Published on 20 August, 2022

Fainting, or syncope, is common, and most people recover completely within a few seconds to minutes. However, the fall carries a risk of injury and could result in fractures or bleeds within the head, especially if it happens frequently.
Syncope / Fainting – Causes
The cause of fainting or syncope can vary from non-serious causes to severe illnesses such as a heart disease. At the outset, a complete checkup and possibly tests will be needed to identify any serious causes of the fainting. Once these are ruled out, it is possible that the patient may be diagnosed with a condition called vasovagal syncope or orthostatic hypotension. The fainting in these situations often follows stimuli such as an emotional stimulus, the sight of blood or standing for a long time. The episodes are preceded by symptoms such as lightheadedness, weakness, nausea, flushing, sweating and blurred vision.
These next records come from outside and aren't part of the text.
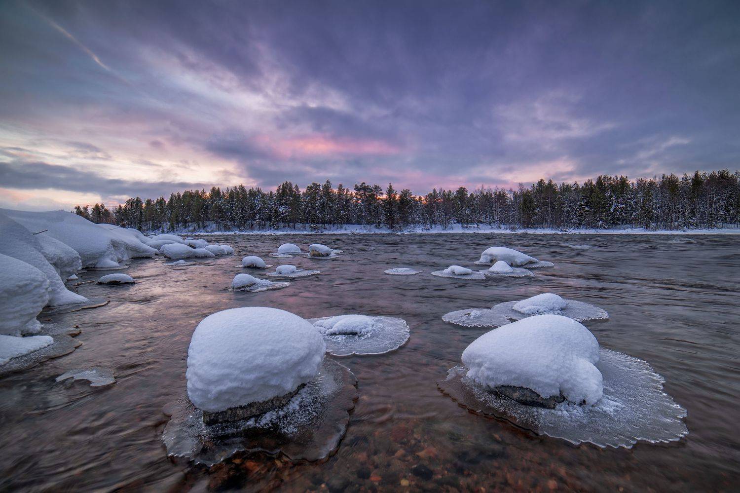 закат природа пейзаж река зима снег камни
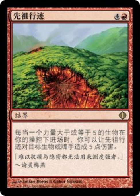 ![]() Variations— Parts— | Dove Camminano Gli AntichiOgniqualvolta una creatura con forza pari o superiore a 5 entra in gioco sotto il tuo controllo, puoi fare infliggere da Dove Camminano Gli Antichi 5 danni a una creatura o a un giocatore bersaglio.
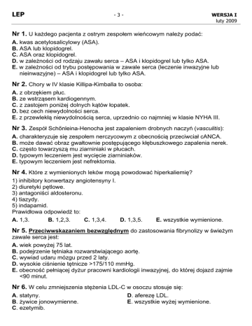 LEP -3- WERSJA I luty 2009 Nr 1. U każdego pacjenta z ostrym zespołem wieńcowym należy podać: A. kwas acetylosalicylowy (ASA). B. ASA lub klopidogrel. C. ASA oraz klopidogrel. D. w zależności od rodzaju zawału serca – ASA i klopidogrel lub tylko ASA. E. w zależności od trybu postępowania w zawale serca (leczenie inwazyjne lub nieinwazyjne) – ASA i klopidogrel lub tylko ASA. Nr 2. Chory w IV klasie Killipa-Kimballa to osoba: A. z obrzękiem płuc. B. ze wstrząsem kardiogennym. C. z zastojem poniżej dolnych kątów łopatek. D. bez cech niewydolności serca. E. z przewlekłą niewydolnością serca, uprzednio co najmniej w klasie NYHA III. Nr 3. Zespół Schőnleina-Henocha jest zapaleniem drobnych naczyń (vasculitis): A. charakteryzuje się zespołem nerczycowym z obecnością przeciwciał cANCA. B. może dawać obraz gwałtownie postępującego kłębuszkowego zapalenia nerek. C. często towarzyszą mu ziarniniaki w płucach. D. typowym leczeniem jest wycięcie ziarniniaków. E. typowym leczeniem jest nefrektomia. Nr 4. Które z wymienionych leków mogą powodować hiperkaliemię? 1) inhibitory konwertazy angiotensyny I. 2) diuretyki pętlowe. 3) antagoniści aldosteronu. 4) tiazydy. 5) indapamid. Prawidłowa odpowiedź to: A. 1,3. B. 1,2,3. C. 1,3,4. D. 1,3,5. E. wszystkie wymienione. Nr 5. Przeciwwskazaniem bezwzględnym do zastosowania fibrynolizy w świeżym zawale serca jest: A. wiek powyżej 75 lat. B. podejrzenie tętniaka rozwarstwiającego aortę. C. wywiad udaru mózgu przed 2 laty. D. wysokie ciśnienie tętnicze >175/110 mmHg. E. obecność pełniącej dyżur pracowni kardiologii inwazyjnej, do której dojazd zajmie <90 minut. Nr 6. W celu zmniejszenia stężenia LDL-C w osoczu stosuje się: A. statyny. B. żywice jonowymienne. C. ezetymib. D. aferezę LDL. E. wszystkie wyżej wymienione. LEP -4- WERSJA I luty 2009 Nr 7. Zespół objawów nasuwających podejrzenie nadciśnienia naczyniowonerkowego to: A. otyłość, senność i uczucie zmęczenia w ciągu dnia, poranny ból głowy, brak tętna na tętnicach udowych. B. zmiany zanikowe skóry z rozstępami, nadmierne owłosienie, skłonność do wybroczyn, chude kończyny. C. napadowy wzrost ciśnienia tętniczego z blednięciem powiek, zlewnymi potami, kołataniem serca i niepokojem. D. ciężkie, oporne na leczenie nadciśnienie, nadciśnienie złośliwe, zwłaszcza szmer naczyniowy w nadbrzuszu. E. rodzinne występowanie chorób nerek, nawracające zakażenia układu moczowego, nadużywanie leków przeciwbólowych. Nr 8. Najskuteczniejszym sposobem leczenia częstoskurczu nawrotnego węzłowego (AVNRT) jest: A. porada psychologa i ewentualnie terapia grupowa. B. leczenie chirurgiczne. C. ablacja przezskórna. D. leczenie antybiotykami z grupy cefalosporyn. E. leczenie atropiną. Nr 9. 28-letni mężczyzna, zawodnik klubu sportowego piłki nożnej, zgłosił się do szpitala z powodu kłującego bólu w klatce piersiowej utrzymującego się od kilku dni. Ból nasila się przy oddychaniu. W badaniu przedmiotowym nadmiernie jawny odgłos opukowy oraz osłabienie szmeru pęcherzykowego. Próba tuberkulinowa 10 mm; OB 15mm; liczba krwinek białych 8 tys.; liczba płytek 200 tys.; D-dimer 500; wskaźnik protrombinowy 90%. Które rozpoznanie jest najbardziej prawdopodobne? A. gruźlicze zapalenie opłucnej. B. jama pogruźlicza. C. przewlekła zatorowość płucna. D. odma opłucnowa. E. suche zapalenie opłucnej. Nr 10. Chora lat 46 przyjęta z powodu suchego kaszlu, z towarzyszącym uczuciem duszności, zwyżki ciepłoty ciała do 38oC. Objawy utrzymywały się od kilku dni. W badaniu przedmiotowym bez odchyleń. Dodatnie testy skórne na kurz i roztocza. W badaniu spirometrycznym FVC 70% w.n., FEV1%VC 75%, prawidłowa reaktywność mieśni gładkich. W obrazie RTG płuc obraz zmian śródmiąższowych. Hb 11g/dl, bilirubina 2 mg%, CRP 32 (n10). Które rozpoznanie jest najbardziej prawdopodobne? A. zaostrzenie astmy. D. pneumokokowe zapalenie płuc. B. zaostrzenie POChP. E. mykoplazmatyczne zapalenie płuc. C. przeziębienie. LEP -5- WERSJA I luty 2009 Nr 11. Do czynników ryzyka rozwoju raka trzustki należą: 1) palenie tytoniu; 2) ostre zapalenie trzustki; 3) przewlekłe zapalenie trzustki; Prawidłowa odpowiedź to: A. 2,3,4. B. 1,3,4. C. 1,2,3,4. 4) predyspozycja genetyczna; 5) AIDS. D. 1,2,4. E. wszystkie wymienione. Nr 12. Stłumiony odgłos opukowy świadczy o zmniejszonej powietrzności tkanki płucnej spowodowanej przez: 1) zapalenie płuc; 2) płyn w jamie opłucnej; 3) rozedmę płuc; Prawidłowa odpowiedź to: A. 1,5,6. B. 2,4. C. 1,2,4. 4) niedodmę; 5) odmę; 6) rozdęcie płuc. D. 4,5,6. E. wszystkie wymienione. Nr 13. Które z leków przeciwprątkowych zaliczamy do leków I rzutu? 1) izoniazyd; 2) etionamid; 3) streptomycyna; Prawidłowa odpowiedź to: A. 1,2,3. B. 1,2,4. C. 2,4,5. D. 1,3,5. 4) fluorochinolony; 5) etambutol. E. żadna z odpowiedzi nie jest prawidłowa. Nr 14. Skuteczność antybiotykoterapii zakażenia H. pylori za pomocą mocznikowego testu oddechowego zaleca się oceniać po zakończeniu leczenia: A. po 1 tygodniu. B. po 2 tygodniach. C. po 6 tygodniach. D. po 6 miesiącach. E. po 12 miesiącach. Nr 15. 53 - letni mężczyzna z wieloletnią chorobą refluksową przełyku skarży się na nasilenie od kilku tygodni uczucia palenia przełyku (nasilającego się w godzinach nocnych) z towarzyszącym okresowo bólem przy przełykaniu (szczególnie pokarmów stałych). Chory leczony okresowo preparatami IPP w dawkach standardowych oraz środkami zobojętniającymi kwas solny. Lekarz rodzinny powinien w tym przypadku: A. zalecić spanie w pozycji z uniesioną górną połową ciała. B. zwiększyć dawkę przyjmowanych preparatów IPP. C. zwiększyć dawkę przyjmowanych preparatów IPP oraz dołączyć przed snem preparat H2-blokera. D. zlecić pilną gastrofiberoskopię. E. zlecić rtg górnego odcinka przewodu pokarmowego. LEP -6- WERSJA I luty 2009 Nr 16. Rak tarczycy wywodzący

Syncope / Fainting – Muscle Tensing Maneuvers
When an individual experiences symptoms that could precede a fall, first and foremost, she/he should be placed in a safe position such as sitting or lying down. Following this, the patient can be asked to do simple maneuvers to contract certain muscles. These could increase the blood pressure and therefore the blood flow to the brain. However, it must be remembered that these maneuvers may not always prevent the impending fall.
Fainting / Syncope – Lower Body versus Upper Body Maneuvers
When possible, maneuvers to contract the muscles of the lower body should be preferred to those that contract the muscles of the upper body. These could include crossing of the legs with tensing of the leg, abdominal, and buttock muscles or squatting in a sitting position with lower-body and abdominal muscle tensing.
Maneuvers that contract the muscles of upper body can be performed if contracting of the lower body is not convenient. These maneuvers may including gripping the opposite hands with fingers and pulling the arms in opposing directions, or clenching of fists with or without anything in the hand. The neck can also be bent forward bringing the chin to touch the chest and tightening the neck muscles.
Reference:
Charlton LP et al. 2019 American Heart Association and American Red Cross Focused Update for First Aid: Presyncope: An Update to the American Heart Association and American Red Cross Guidelines for First Aid. Circulation. 2019;140:e931–e938. https://doi.org/10.1161/CIR.0000000000000730
Dockx K, Avau B, De Buck E, Vranckx P, Vandekerckhove P (2019) Physical manoeuvers as a preventive intervention to manage vasovagal syncope: A systematic review. PLoS ONE 14(2): e0212012. https://doi.org/10.1371/journal.pone.0212012. Available under Creative Commons Attribution 4.0 International License (http://creativecommons.org/licenses/by/4.0/)
Gampa A, Upadhyay GA. Treatment of Neurocardiogenic Syncope: From Conservative to Cutting-edge. J Innov Card Rhythm Manag. 2018 Jul 15;9(7):3221-3231. doi: 10.19102/icrm.2018.090702.